My DH is an alcoholic. We have had significant problems for almost 10 years. No physical abuse, but extremely draining. He has been in therapy on and off, and lately because I demand it. We have been married for almost 20 years. I am 46. He is 58. I am ready to leave the marriage. He lies about how much he drinks to me and to the therapist. He has been doing this for quite some time, and is quite clever about it. I no longer let on to all that I know - because then he becomes more clever about hiding it. I look in the trash for receipt evidence and can often confirm what I know. See I work, he won't. He takes money from 'our' investment/savings acct ($$ from a medical injury many yrs ago) to pay for his half of the expenses. He has been to a sleep away rehab center for a week, was sober for a year and then promptly ruined our vacation by drinking excessively (until he was almost always sick) for most of the vecation.

I am ready to leave this marriage, but I am afraid that I wll get the bad end of the legal stick, and have to lose what I am saving for retirement and possibly even have to pay 'alimony'. I have a good job. No kids. 2 cats, 2 dogs that I will fight severely for. In fact I make sure that I pay all of their expenses out of my personal account so that I have proof that I am the primary caretaker. I think 3/4 are in my name ayway. I envision horrible legal battles, and yet to have a happy future, I am willing to go back on my own.

I deserve more.

He openly lies to me about his drinking and has other crutches-

Another huge pain is that he spends easily $100 on PPV cable porn per month. I could care less about the porn, but there is no fiscal responsibility here. When he burns thru the investment $$, and he has to depend upon me, I will surely leave. Iwill not support him. So why shouldn't I do that now? Why do I stick around? I like the house (well parts of it). It will be difficult for me to find a pet friendly home that I can afford. If I stay, can I bypass the 50/50 split crap and 'win' in the end? These are all questons that run thru my mind.

I'm a mess. I've put on soooo much weight. I am taking control of that now.

I need to know how to deal with this. How to manage my life. I saw the therapist, but we only talked about DH. I don't have a sense that this therapist can help *me*. I don't plan to see him unless we do couples work, and that is so far away - I don't want to be with DH as a couple, not until he can prove that he is sincere in his efforts, which he's not at all.

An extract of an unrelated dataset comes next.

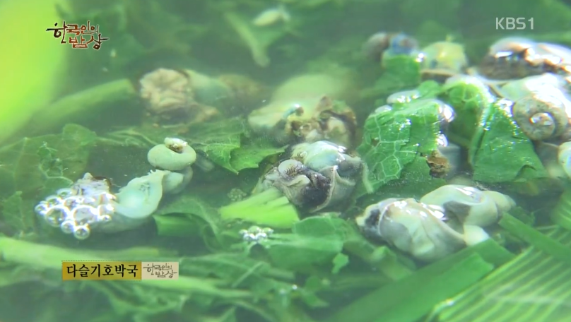 ‘다슬기호박국’은 멸치다싯물에 다슬기를 삶아 살만 골라내서 넣고 애호박의 씨를 빼고 나박하게 썰어 넣고 호박잎을 박박문질러 씻어서 그냥 막 찢어 넣어 끓여줍니다.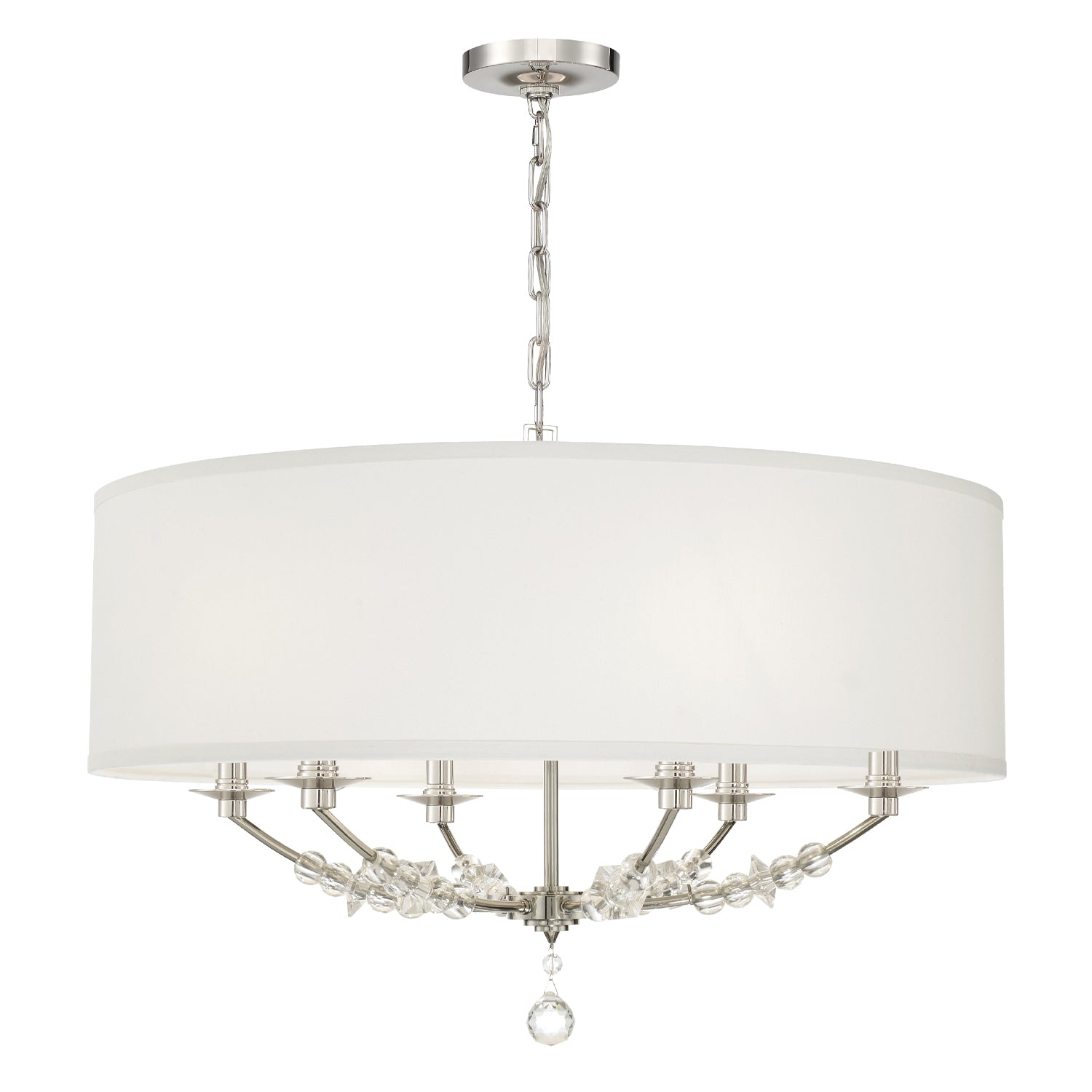 The eye catching design of the Mirage collection features a polished nickel base with arms dressed in faceted oversized crystal beads. The crisp white silk shade atop the candelabra bulbs exuding soft, ambient glow that is perfect for a contemporary appeal. Stylish, modern and minimal, the Mirage brings luxurious appeal to a variety of interior spaces

Can I call him out to friends and family? he has told me to not discuss things with his brother (Somehow the brother told him (innocently) something that I apparently should not have shared). I have 'permission' to discuss with my brother, but I stopped him dead in his tracks when I mentioned that I might leave DH. How can I add to the burden of his life, my sh!t?

Ah, so much for a 1st post. I'm glad I found you. I hope it helps. I really need to know how to manage this, live with this, to know what I'm allowed to do.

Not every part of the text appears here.